A second element for success: never criticize.  If a task isn’t done well enough or in a timely way, simply point out what is done well and what needs to be improved. For more complicated tasks like cleaning the bathroom, make sure that they know all the steps & products and how to use them correctly. There are even sites online for instructions and videos for how to clean bathrooms and bedrooms. Discuss the methods and standards so that everyone is clear. Be sure to check when tasks are done and give lots of recognition. Even if the work is not done as well as you would like, give recognition and praise for the part that is done, and invite them to improve either now, if necessary, or the next time they do that task.

Give recognition and appreciation for their work. Tell them how good you feel when they do their chore. For instance you might say, “I feel so good when the kitchen is all cleaned up and put back together after dinner. Thank you so much for helping.” Even when they do something that is clearly just for them such as organizing their room, avoid asking the question “doesn’t that feel good to you?” Teenagers are likely to say “no I like it messier. I’m just doing this for you.” Better to say, “excellent job, well done.”

Implement & Execute The New Standard

Al, here is a way you can put this all to work in your family, because you are trying to make a change in a negative pattern that has already developed. Creating change in family patterns is very hard to do. Here’s something that’ll work. Call a meeting of everyone in the family. Make sure that all devices are left on the kitchen counter so there’s no distractions. Have some treats to make the meeting more positive.
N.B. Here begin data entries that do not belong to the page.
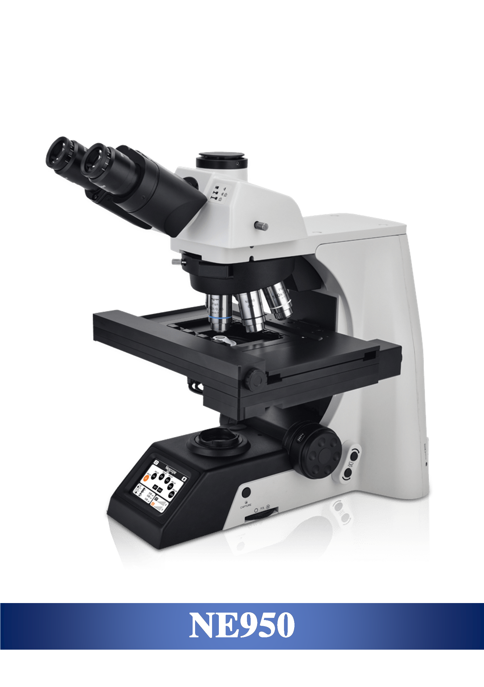 NE900系列研究级正置生物显微镜配置表 NE910手动显微镜 NE930半电动显微镜 NE950电动显微镜 显微镜机架 光学系统 NIS 无限远光学校正系统(可选择NIS45或NIS60系统) 物镜转盘 ・手动6孔位物镜转换器 ・编码式6孔位物镜转换器 ・电动6孔位物镜转换器(可选配7孔位物件转换器) 聚焦机构 低手位同轴调焦机构(带上限位及松紧调节环),调焦范围35mm,微调格值1um 低手位电动调焦机构,左右手轮独立操作,三档速度调节,调焦范围30mm,重复定位精度:0.1um,电动逃离和恢复机制 透射光照明 ・12V 100W 卤素灯 ・3W/5W/10W/15W LED多种功率可选(可选光强管理功能) 3W/5W/10W/15W LED多种功率可选 ,透射光源亮度电动控制,光强管理功能 显示屏 可选配显微镜使用状态显示屏 —— 触摸控制屏 观察镜筒 双目观察镜筒 30°倾斜 ,瞳距调整范围 :47-78mm
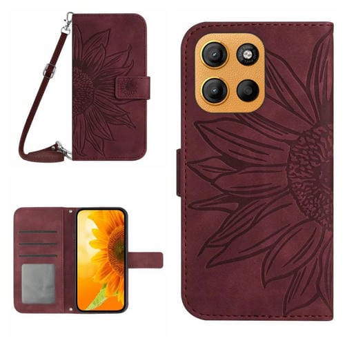 Funda de Cuero con Tapa para Motorola Moto G Stylus 5G 2025 Ht04 con Diseño Girasol y Cordón (Rojo Vino)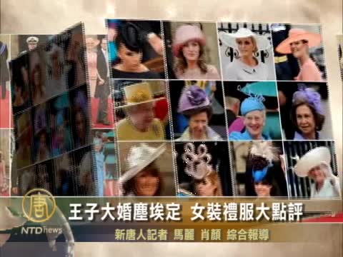 【新唐人2011年5月11日訊】英國王室大婚剛剛過去,很多人還津津樂道這場世紀婚禮。當時多達1900多名來賓,為了在全球幾十億觀眾前展示最佳形象,在衣著上煞費苦心。現在就讓我們就來回顧一下他們精挑細選的華服吧。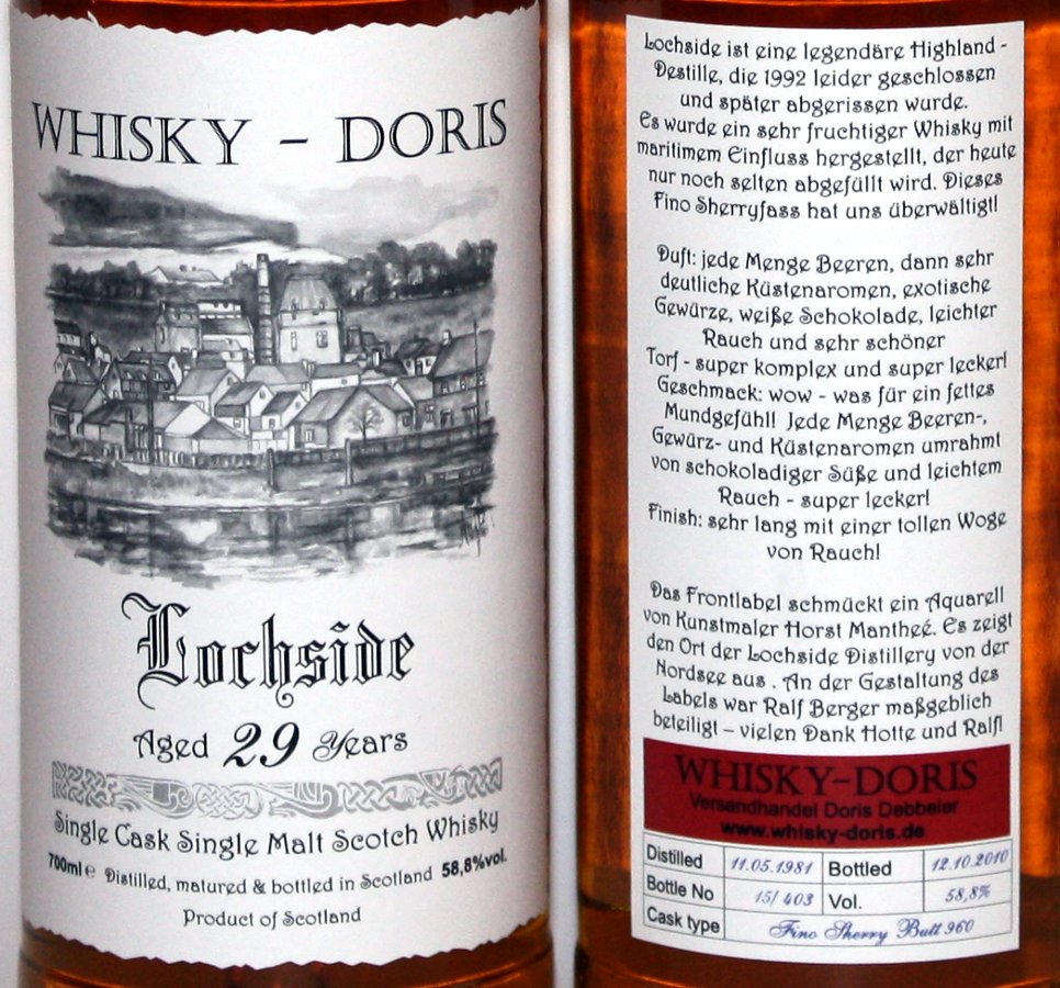 | Lochisde 29 Jahre Whisky-Doris Fino Sherry Butt No. 960 | ||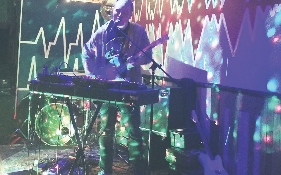 About 14 different effects pedals lay fanned out across the stage by his clean white shoes, a few synth pads and mixers and loopers lying on the closed guitar case set before Pat Brown, the man behind Greensboro-based synth pop band Tide Eyes. Amid the pedals, roughly 50 buttons and knobs, dozens more on the table within arms’ reach right before him. Moving from song to song, Brown hit each pedal with precision, and adjusted knobs for perfect sound, his finger’s dancing along the stings of his guitar with natural ease. The setup, with a surfeit of blinking lights, would be enough to overwhelm or deter most any musician who didn’t know what they were doing. But for Tide Eyes, it just makes sense.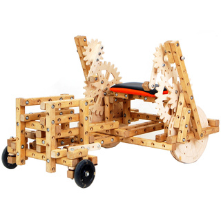 • Конструктор “Дошкольник” - это продвинутая версия конструктора Малыш, предназначенная для детей от 5 до 12 лет. Он включает все модели из набора "Малыш" и добавляет еще более 45 новых и улучшенных моделей. C использованием этого набора можно собрать 6 моделей с запатентованным механизмом привода через вращение ручек и шестерёнок, катапульту, 3 вида подъёмных кранов, новые инерционные модели и множество других. Деревянный конструктор Дошкольник позволяет детям иметь значительно больше простора для творчества и экспериментов. Он также помогает детям понять принцип работы шестерёнок и редукторов.
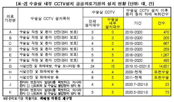 환자 동의하에 수술실 내부 CCTV 녹화가 이뤄지는 공공의료기관을 살펴보니, 대부분의 기관이 수술실 직원 및 환자 안전보호를 위해 수술실 내부에 CCTV를 설치했으며, 수술실 규모 등에 따라 3대~15대 가량 설치한 것으로 나타났다.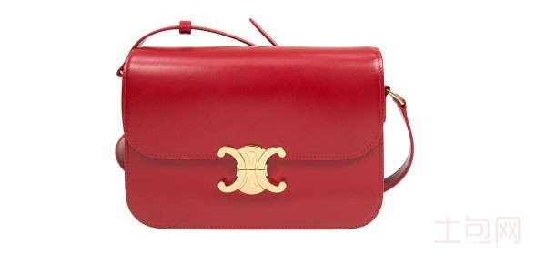 上图为赛琳/CELINE 女款 triomphe小号红色亮泽小牛皮单肩包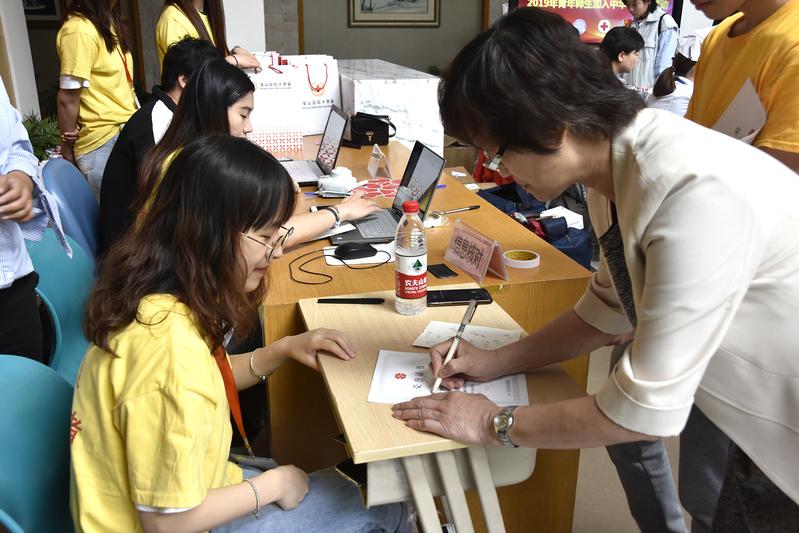 活動從上午9點持續(xù)到下午2點,前來入庫的同學(xué),在工作人員耐心細致地指導(dǎo)下進行信息登記、填寫表格。表格審核通過后,領(lǐng)取試管排隊采集6~8ml血液樣本完成入庫、領(lǐng)取榮譽證書。不僅有同學(xué)們的積極參與,我校青年教師也積極投身于此次活動中來,震旦中專鐘劼菁校長、閔亮老師和張文婧老師,公共衛(wèi)生與護理學(xué)院輔導(dǎo)員耿梅老師、張超老師、劉嬌嬌老師,教育學(xué)院張可可老師、李婧老師、王芳老師和信息辦程茂華老師也擼起袖子志愿加入中華骨髓庫,成為其中的一員。我校自2012年開展造血干細胞志愿者招募活動以來,今年已經(jīng)是第8個年頭了,震旦師生為這項活動付出了很大的努力,也將在學(xué)校領(lǐng)導(dǎo)的支持和帶動下,把這項活動辦出品牌、辦出特色。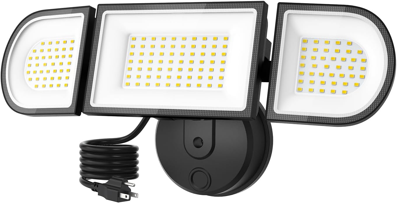 150W LED Flood Light Outdoor Plug in, Exterior Flood Lights with 3 Adjustable Heads, 15000LM Super Bright Security Lights Fixture, Outside Floodlights for House,Backyard,Garage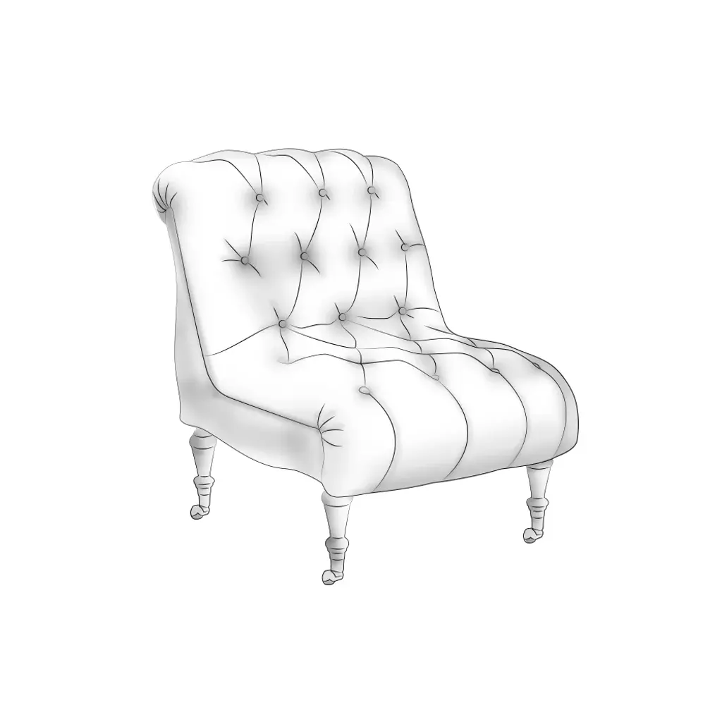 Dimensions: 26W x 34D x 34H, SH 18 COM: 4 yards Still considered a Slipper Chair, but sized for a "longer sit." Incredibly comfortable, and unassumingly stylish, this sling backed, tufted, chair is one of our favorites. It's lean an elegant, and you'll be hard pressed to find anything like it elsewhere. ** Please Note, if using COM, production will not start until we receive your COM FORM Made in America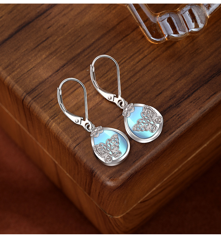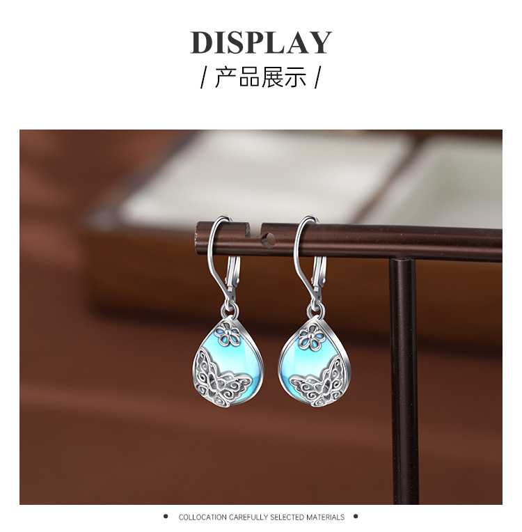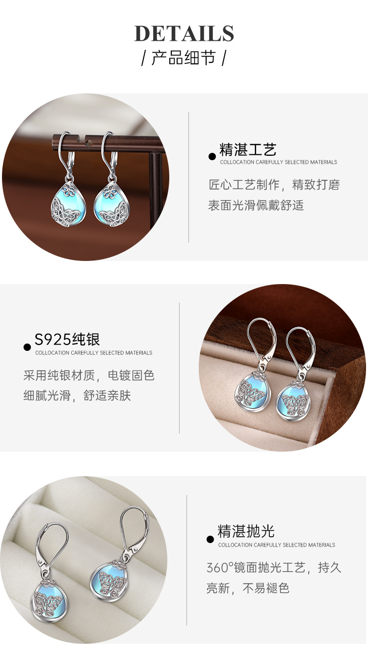 925 aretes de mariposa de flores de plata esterlina para mujeres lujosas europeas y estadounidenses de alta sensación de auriculares de piedra de luz de la luna Amazon auriculares transfronterizos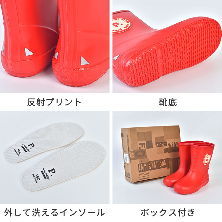 レインブーツ キッズ p.premier ピードットプルミエ 長靴 子供 女の子 男の子 おしゃれ かわいい 18cm 19cm 20cm ジュニア 小学生 低学年 幼稚園 雨靴 雨具 レインシューズ 通園 通学 ラバー シンプル レッド 赤 イエロー 黄色 ネイビー ブルー 青 ピンク ハート カラフル P164016 FO kids エフオー 子供靴 ラバーシューズ ショート 短め 軽量 柔らかい 歩きやすい 反射材 リフレクター 付き インソール 外せる 洗える 梅雨 雪 子供服 子ども こども 男子 女子 5歳 6歳 7歳 8歳 9歳 小学 1年 2年 3年 一年 二年 三年 生 小学校 保育園 保育所 学校 入園 入学 準備 入園準備 入学準備 息子 娘 孫 ガールズ 女児 girl ボーイズ 男児 boy ユニセックス バースデー 誕生日 プレゼント プチ ミニ ギフト お祝い イベント クリスマス クリスマスプレゼント お洒落 可愛い 無地 ゴム くつ キッズアパレル レイングッズ 箱入り ボックス付き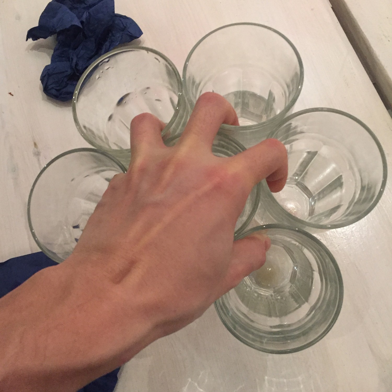 “ถาดฉันเล็กไป ไม่พอสำหรับแก้วทั้งหมดนี้น่ะ” ผมบอก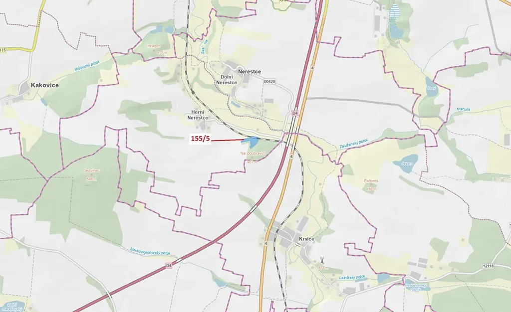 Lesní pozemek o výměře 11 172 m2, parcelní číslo 155/5, podíl 1/1, katastrální území Horní Nerestce, obec Nerestce, obec s rozšířenou působností Písek, okres Písek, Jihočeský kraj. Částečně po těžbě.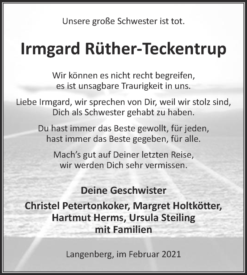 Hier finden Sie alle Traueranzeigen aus der Zeitung, die bisher für Irmgard Rüther-Teckentrup erschienen sind. Weitere Traueranzeigen, die in der Zeitung erscheinen, werden hier ebenfalls aufgelistet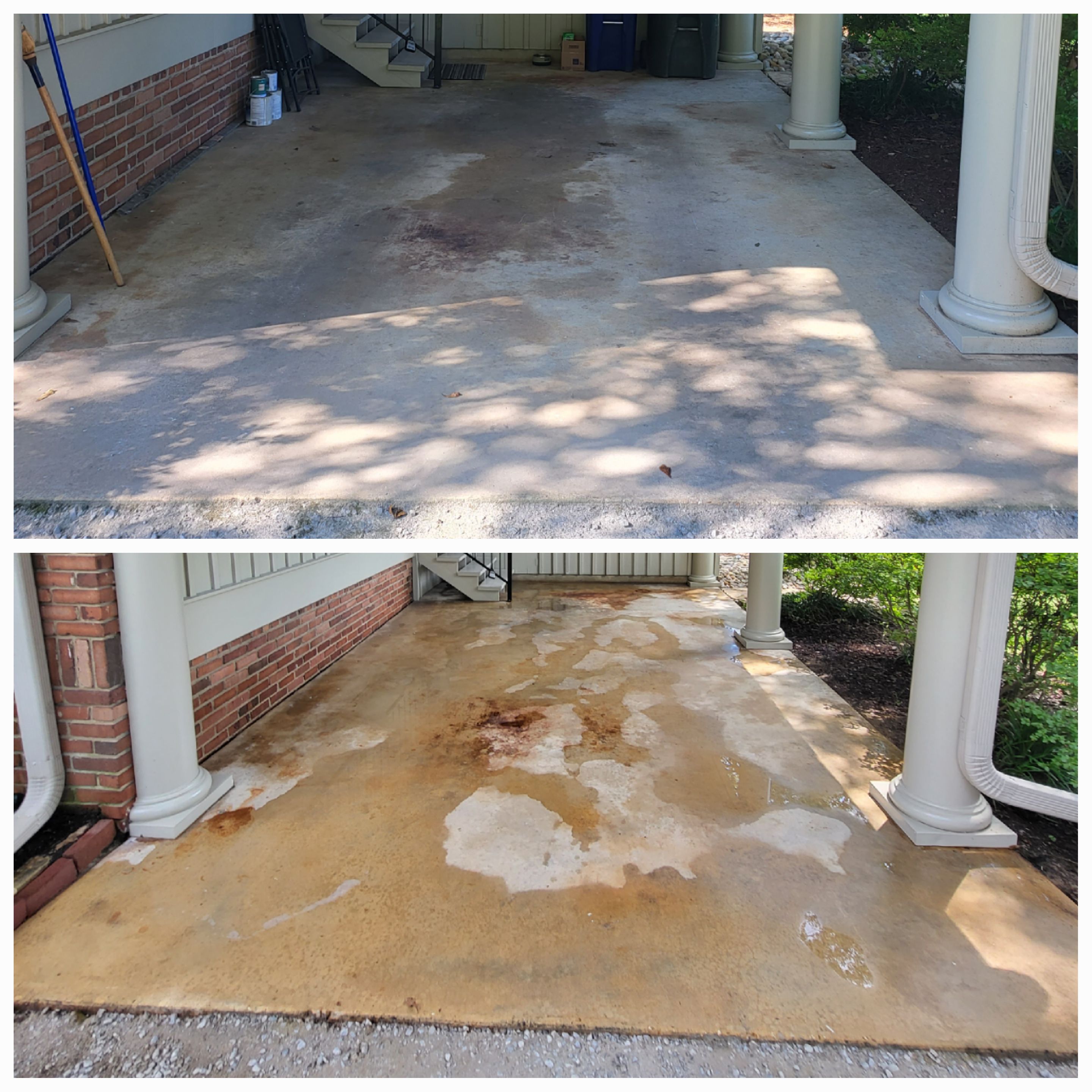 On the day of the cleaning, we quickly went to work preparing his home and lot for the work ahead by watering the grass to protect it from the chemical cleaner we would be using. In just a few short hours, the once dirt and grime ridden patio and concrete were clean and looking it's best. The customer stated that he was glad that he found us and that we've never let him down. He thanked us for our work and we left the customer with his freshly cleaned patio and carport.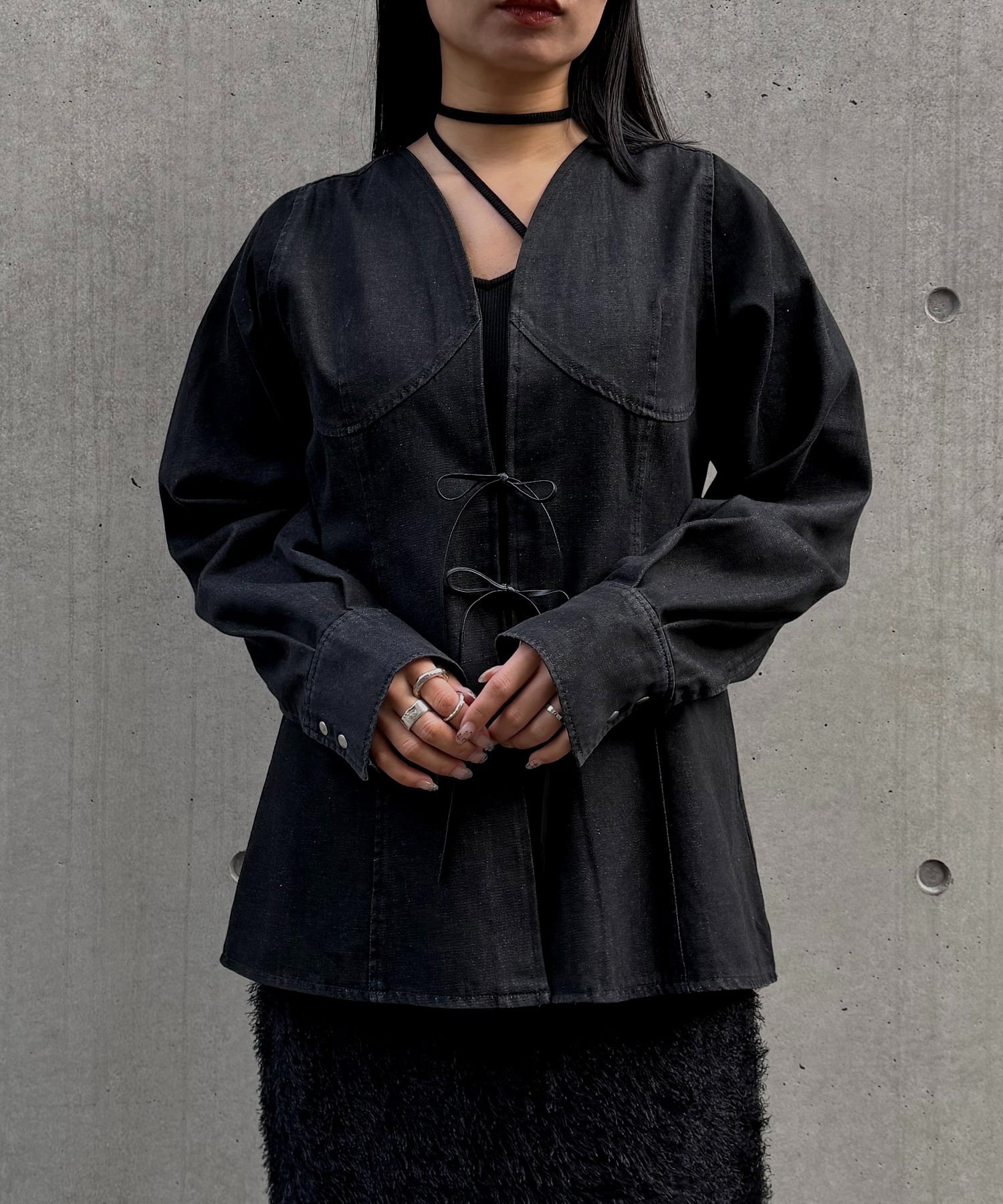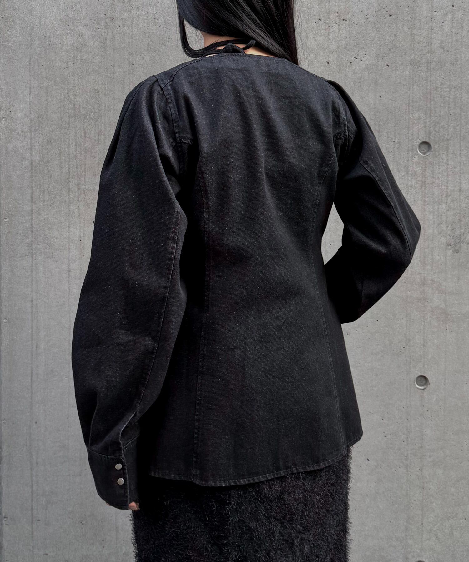 裾は広がりすぎないペプラムラインに仕上げ、大人らしい上品な印象に。切替部分のステッチはあえて同色系でまとめ、デニムのカジュアルさの中に洗練された雰囲気をプラスしました。すっきりとしたVネックに、ブラックレザーのリボンをあしらい、&g’aimeらしいレディーモード感を演出。程よい厚みのデニム素材を使用しているため、ブラウスとしてはもちろん、初夏には軽い羽織としても活躍する一着です。

  • Explain the problem you’ve been having with chores
  • Take responsibility for not having explained or set up chores as well as you should have
  • Explain that the key to successfully managing chores is having routine
  • Let them know why chores are important based on the three reasons we discussed
  • Let them know what great kids they are and that successfully managing chores is now going to be an important part of the way they earn privileges. If they need any help,or clarification let them know you’re happy to provide it. But privileges will only be earned when responsibilities are embraced.
  • Repeat that you take full responsibility for the confusion and the problems that have been taking place and this is your best effort to create a positive path forward for everyone.
  • Remind them that they’re great kids and that you believe in them.   

I’m confident Al, that if you stay positive, clear and consistent, you will have a new more cooperative culture around chores in your family.

The key to successfully managing chores is having routine.Click To Tweet

If you are parents or grandparents or have regular caregiving time with kids, make chores a positive learning experience for kids of all ages. That way you are letting them know that they matter and you are giving them real skills for the adult life ahead of them.

Thanks to Al from Chattanooga for inviting this discussion.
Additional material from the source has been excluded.